Я чуть не рассмеялся ему в лицо. Он был толстым, неуклюжим увальнем, и его слова объяснялись лишь болезненным возбуждением. Может быть, когда-то, много лет назад, он и мог исполнить свою угрозу, но сейчас он сделался неловким и медлительным от чрезмерного употребления алкоголя, преждевременно состарившись. Его лицо и тело были покрыты толстым слоем жира, и я даже не мог себе представить, как он выглядел в молодости.
Джонсон принялся считать. Мы с Лэкнером, обменявшись взглядами, вышли из комнаты. Не переставая вести счет, Джонсон проводил нас до выхода и с шумом захлопнул входную дверь.
— Боже мой! — сказал Лэкнер. — И что только заставляет людей делать такие глупости?
— Пьянство, — отозвался я. — Он безнадежный алкоголик.
— Я и сам вижу. Но почему он запил?
— От отчаяния. Он в отчаянии от того, что превратился в инвалида. В этой трущобе он живет уже Бог знает сколько лет. Наверное, с того времени, когда Фрэд был еще маленьким мальчиком. Он пытается уморить себя алкоголем, но безрезультатно.
— И все же я не могу этого понять.
— Я тоже не могу. У каждого пьяницы свои мотивы, но все кончают одинаково: размягчением мозга и циррозом печени.
Оба мы, словно ища виноватого, одновременно подняли глаза к небу.

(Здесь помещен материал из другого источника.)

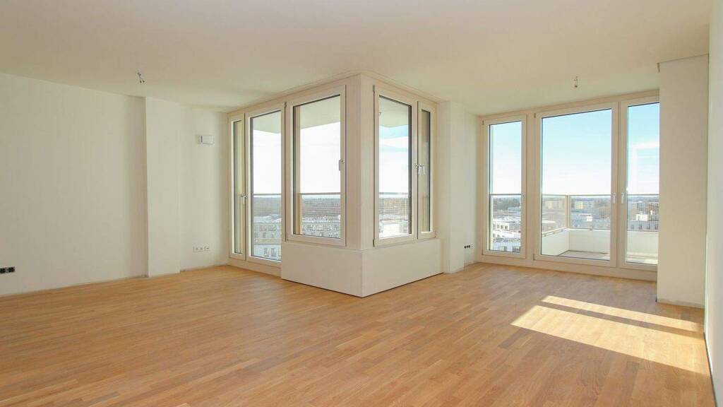 Auf ca. 82,65 m² präsentiert sich diese großzügige 2-Zimmer-Wohnung im 9. Obergeschoss des Meiller's Eleven. Der offene Wohn-Essbereich mit bemerkenswerter Fläche (ca. 51,46 m²), bildet das kommunikative Zentrum und bietet Raum für geselliges Beisammensein. Das Schlafzimmer punktet mit einer ruhigen Lage und Platz für individuelle Einrichtungsideen. Ein elegantes Badezimmer mit bodengleicher Dusche sorgt für barrierefreien Komfort, zusätzlich steht ein separates WC zur Verfügung. Eine Kammer bietet Stauraum für Putzutensilien oder Vorräte. Zwei Balkone erweitern den Wohnbereich ins Freie. Die hochwertige Einbauküche fügt sich nahtlos in den Wohnraum ein, und die Hydrokultur-Begrünung mit automatisch bewässerten Pflanztrögen an der Fassade schafft ein grünes, gesundes Raumklima. Zur Wohnung gehören ein privates Kellerabteil und ein fest zugeordneter Tiefgaragenstellplatz.
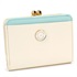ツヤとハリのある牛革でお作りした二折財布。すっきりとしたフォルムが上品な印象です。「KITAMURA MOTOMACHI」の文字に囲まれたKマークの飾りがポイント。正面と、カード段の一部にアクセントカラーをプラスしました。手のひらに収まるコンパクトなサイズ感。がま口タイプの小銭入れがチャームポイントです。
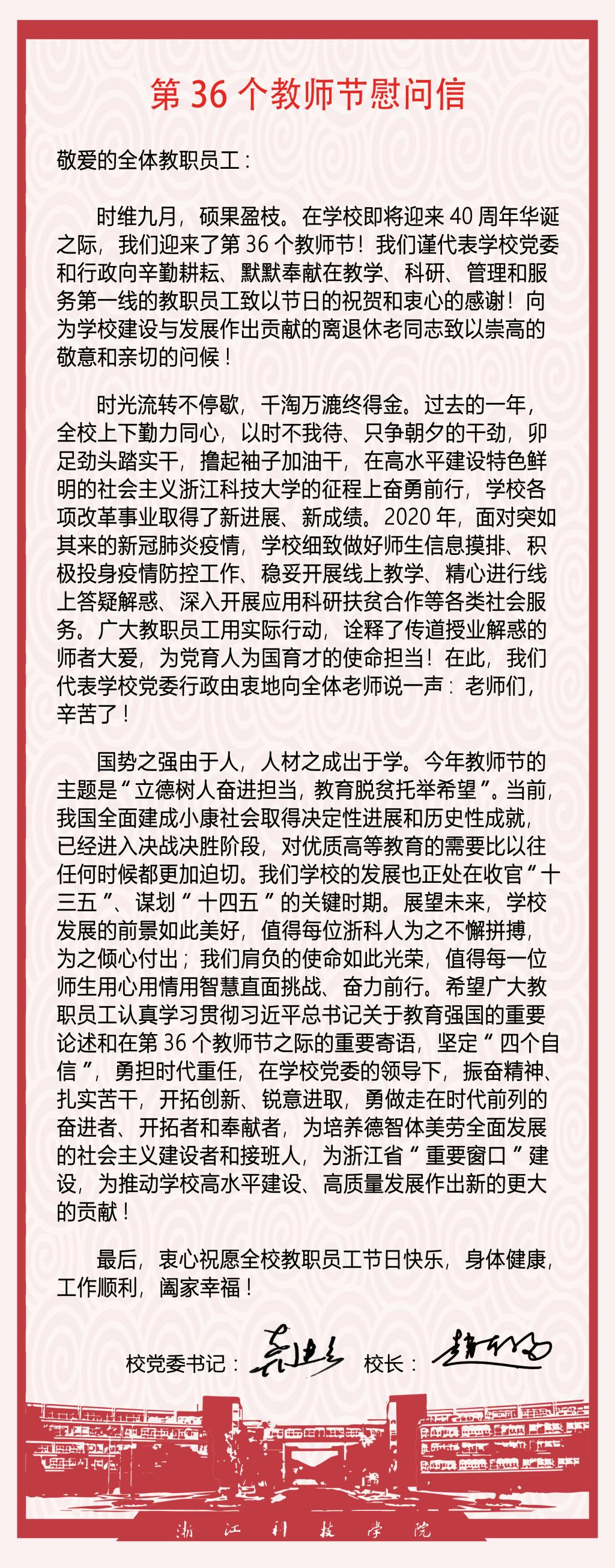 龚建立说,今天是第36个教师节,马上我们也要迎来建校40周年。40年来,正是有一代代浙科人的克难攻坚,不懈努力,才有了浙江科技学院的美好今天。

Но над шеренгой темных оливковых деревьев, гуськом марширующей по противоположной стороне улицы, проносились тучи и не было видно даже звезд.
— По правде говоря, — сказал Лэкнер, — я не знаю, что и думать об этом мальчике.
— Вы имеете в виду Фрэда?
— Да. Вообще-то я не должен называть его так. Наверное, он моих лет.
— Насколько мне известно, ему тридцать два года.
— В самом деле? В таком случае он на год старше меня. Но мне он показался страшно незрелым для своего возраста.
— Его психическое развитие замедлено жизнью в этом доме.
— В сущности, в чем проблема этого дома? Ведь если хоть немного привести его в порядок, он выглядел бы совсем неплохо. И наверное, раньше так оно и было.
— Несчастье этого дома заключается в его обитателях, — пояснил я. — Существуют семьи, члены которых должны проживать в разных городах, даже в разных штатах, если возможно, и писать друг другу не чаще одного ¡раза в год. Вы могли бы предложить это Фрэду, если, разумеется, вам удастся спасти его от тюрьмы.
— Надеюсь, что удастся. Миссис Баймейер — человек немстительный. Она очень милая женщина, когда имеешь с ней дело вне ее семьи.
— Это тоже одно из тех семейств, члены которых должны писать письма не чаще раза в год, — заметил я. — И желательно не отправлять их. То, что Дорис и Фрэд подружились, отнюдь не случайно. Их дома, хотя и не разбиты, но серьезно повреждены. Как и они сами.
Лэкнер покачал старательно причесанной головой. Когда я стоял так в призрачном лунном свете, пробивавшемся из-за туч, мне вдруг на минуту показалось, что история повторяется и все мы когда-то уже жили раньше. Я не помнил точно, как тогда развивались события и каков был финал, но чувствовал, что окончание их до известной степени зависит от меня.
— Фрэд не объяснил вам, зачем он вообще брал эту картину? — спросил я Лэкнера.
— Нет, убедительных объяснений я от него не получил. А вы говорили с ним об этом деле?
— Он хотел продемонстрировать свои профессиональные знания и доказать Баймейерам, что он на что-то годен. Таковы, по крайней мере, были его осознанные мотивы.
— А неосознанные?
— Я в них не уверен. Чтобы ответить на этот вопрос, пришлось бы созвать консилиум психиатров, но думаю, что и они едва ли смогли бы ответить. Как и многие другие жители города, Фрэд помешан на этом Ричарде Чентри.
— Значит, вы полагаете, что он действительно написал эту картину?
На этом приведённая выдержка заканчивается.